The City Hall is located on the site of the former Ancient Roman Praetorium, which until the year 475 was seat of the Roman Governor of Germania Inferior. Merovingian kings are known to have used the praetorium as a regia until 754, however the building was ultimately destroyed by an earthquake in the late 8th century. Under Hildebold of Cologne, the city was elevated from a bishop's to an archbishop's see in 795, and the area around the former praetorium has become home to both a group of wealthy Patrician merchants and Cologne's Jewish community, many of whom were under immunity granted by the king.

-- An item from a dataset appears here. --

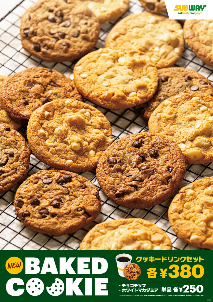 サブウェイは、12月10日から、店内で焼き上げるクッキー「チョコチップ」と「ホワイトマカダミア」の2種類を全国の店舗で発売します。

With Emperor Otto I's younger brother Bruno the Great becoming archbishop in 953, the Ottonian dynasty established a secular government by an ecclesiastic archbishop. This abundance of power in Medieval Europe was in stark confrontation to the emerge of emancipating burghers: armed conflicts in 1074 and 1096 were followed by the formation of a commune and first municipal structures as a basis for urban autonomy. In order to consolidate their economic and political rights, Cologne burghers established fraternities and trade guilds (most notably the Richerzeche). In the 1106 war of succession between Emperor Henry V and his father Emperor Henry IV, they took deliberate opposition to the archbishop, after which they gained benefit in regards to the city's territorial expansion over the following years. As – at the time – one of Europe's busiest trading ports and largest city in Germany, the population of Cologne gradually changed from a mainly feudal society to free citizens. Documents from the years 1135 and 1152, recorded "a house in which citizen convene", referring to the first established council hall, at the location of today's town hall. The coat of arms of Cologne, first mentioned in 1114, is Europe's oldest municipal coat of arms.

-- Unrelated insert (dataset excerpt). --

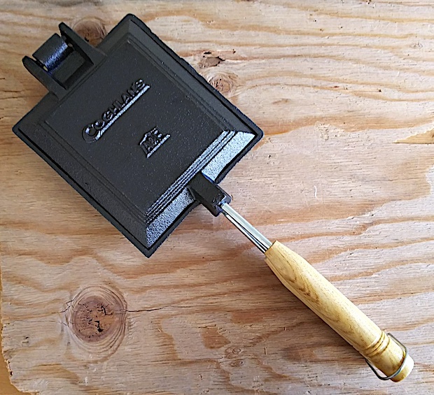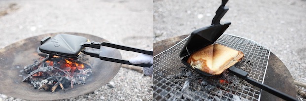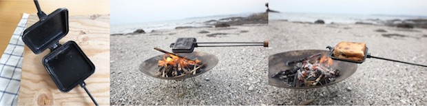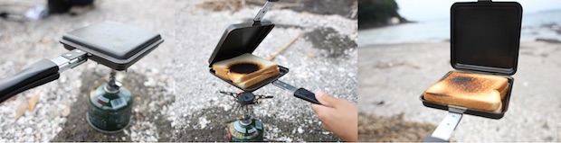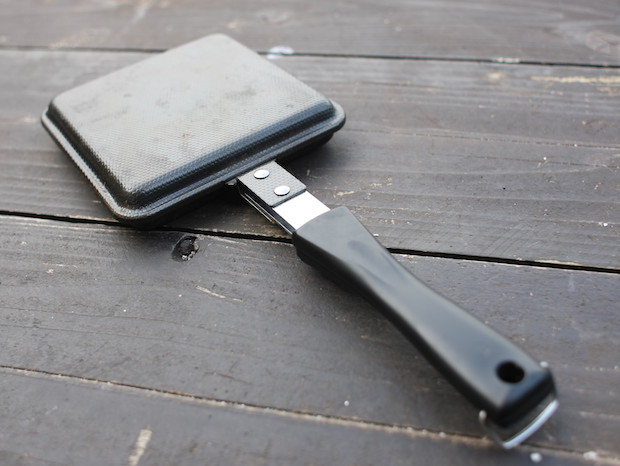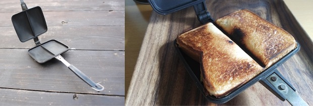 南部鉄器は日本が誇るすばらしい技術のひとつ。かなり重さがあり重厚なつくり、取っ手部分も鉄でできているので、分厚いパンでもしっかりプレスできます。重いのでずっと持ち続けているのは正直しんどいかな。焚き火台に網のせて、その上に置くといいかも。直火オッケーの最たる一品で焚き火にも炭火でもガンガンいけるつくりです。キャンプでワイルドに魅せたい人にオススメです。ただ、ダッチオーブンなどといっしょではじめに油をなじませたり、洗剤で洗ってはいけなかったりとお手入れが必要です。お値段は6,000円とちょっと悩む金額。でも、メンズはこういう面倒くさいのが好きなんでしょうねー。

By 1180, the citizens of Cologne won a legal battle against Philip I, Archbishop of Cologne, for another extension of Cologne's city walls. With the Battle of Worringen fought in 1288, Cologne became independent from the Electorate and on 9 September 1475 officially gained Imperial immediacy as a free imperial city. In 1388 Pope Urban VI signed the charter for the University of Cologne, Europe's first university to have been established by citizenry. On 14 September 1396 the constitution of Cologne came into effect and the Cologne gaffs and guilds (Gaffeln and Zünfte) assumed power in the council. Following the tradition of Roman consuls, the council was headed by two elected Burgomasters (Mayors) until the year 1797, when council and constitution were replaced by the Napoleonic and later code civil. Since 1815 the city council is led by one Oberbürgermeister (Lord Mayor).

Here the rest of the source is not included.